Last step: We check the access times by executing the query posted above again:

WITH timeWithDiff AS (
SELECT 
		DATEDIFF(	MILLISECOND,
					[datetime], 
					LEAD([datetime]) OVER(ORDER BY [datetime])
				) as diff
FROM #times
)
SELECT MAX(diff)
FROM timeWithDiff

We now waited only a maximum of 1273 milliseconds so we basically did not block the table at all.

Remark

This method is only good if you have to do hotfixes on a live data warehouse or any application where there is no maintenance window or the fix / update would simply take too long and therefore block several other crucial processes.

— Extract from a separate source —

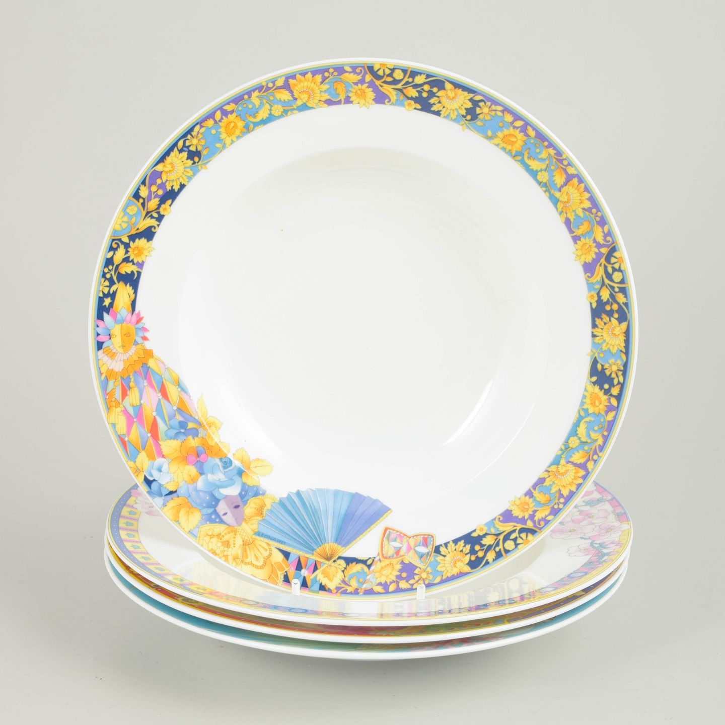 Hutschenreuther, set of 4 deep plates.Elegant bone china set with a colourful decorative pattern; the Leonard Paris model is noted in the description. Classic deep forms with a wide rim and detailed decoration along the border.

The price for the minimal blocking update surely is time. The batch size has to be as small as necessary because you want the transactions to be as short as possible, but also you want the batch size to be as big as possible because otherwise the update will take MUCH longer.

Alternatives to this approach exists e.g. when your fact table is partitioned try partition switching.